In the seven years since we first dreamed up the notion of The Village Square – an organization dedicated to restoring constructive conversation across the partisan divide – we repeatedly return to the same truth: Washington is never going to fix this for us. If we want it to be different, it’s going to be neighbors like us in hometowns like this one who get it done. This is where we share carpools, softball teams and borrow cups of sugar.


Do you have an addition to our survival guide list? Tag @VillageSquareFL and we’ll tweet them out.

Early reviews of The Village Square’s survival guide***
President Barack Obama: “There is no Red Citizen’s Survival Guide, there is no Blue Citizen’s Survival Guide. There is just The Village Square’s Citizen’s Survival Guide.”

Karl Rove: “James Carville and I agree on just one thing: Do not read this guide.”

Senator John Kerry: “I was for the Citizen’s Survival Guide before I was against the Citizen’s Survival Guide.”

Glenn Beck: ?(Furiously scribbles something on a blackboard.)

***LEGAL DISCLAIMER: THESE QUOTES ARE WHOLLY FICTITIOUS AND ANY SIMILARITY TO ACTUAL UTTERANCES BY ANY INDIVIDUAL LIVING OR DEAD IS PURELY ACCIDENTAL. IN NO EVENT SHALL THE VILLAGE SQUARE BE HELD LIABLE FOR ANY DIRECT, INDIRECT, INCIDENTAL, PUNITIVE OR CONSEQUENTIAL DAMAGES OF YOU NOT GETTING THE JOKE AND PRESUMING THESE QUOTES ARE REAL. OPINIONS OF THESE INDIVIDUALS CANNOT BE ASCERTAINED BECAUSE WE HAVE NO INTENTION OF ASKING THEM SINCE WE KNOW FULL WELL THAT IF ASKED WHAT THEY THOUGHT OF THE VILLAGE SQUARE THEY WOULD SAY ‘WHO?’

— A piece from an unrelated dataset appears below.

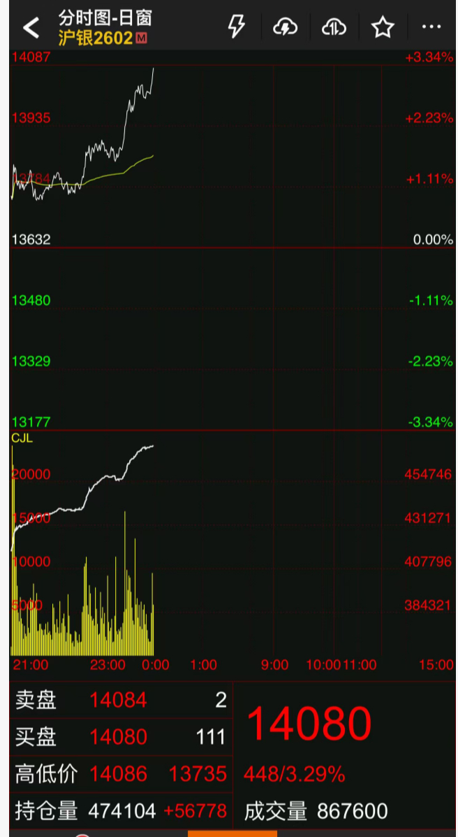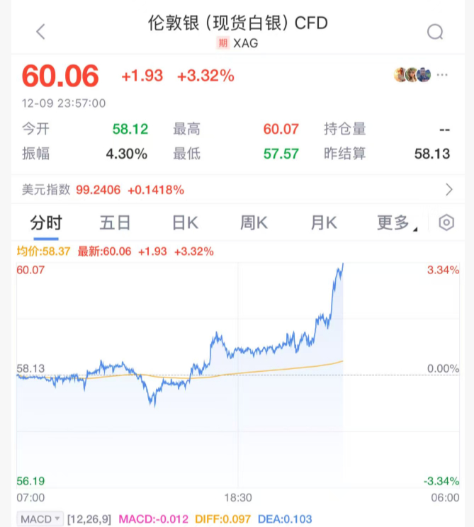 12月9日晚间,黄金小幅走高,白银则攀升至历史新高。现货白银首次站上60美元/盎司的心理关口,纽约期银也首次站上60美元/盎司,沪银主力合约现涨幅超过3%,最高涨至14086元/千克,续创历史新高。

LEGAL DISCLAIMER IN ENGLISH: At the risk of stating the obvious, none of these people said any of these things.

LEGAL DISCLAIMER IN LIBERAL: CES CITATIONS SONT COMPLETEMENT FACTICES ET N’IMPORTE QUELLE SIMILITUDE AUX EXPRESSIONS REELLES PAR LA VIE D’INDIVIDU OU SONT COMPLETEMENT PUREMENT ACCIDENTELLES.

LEGAL DISCLAIMER IN CONSERVATIVE: IF YOU WEREN’T SO OBNOXIOUS WE WOULDN’T NEED TORT REFORM.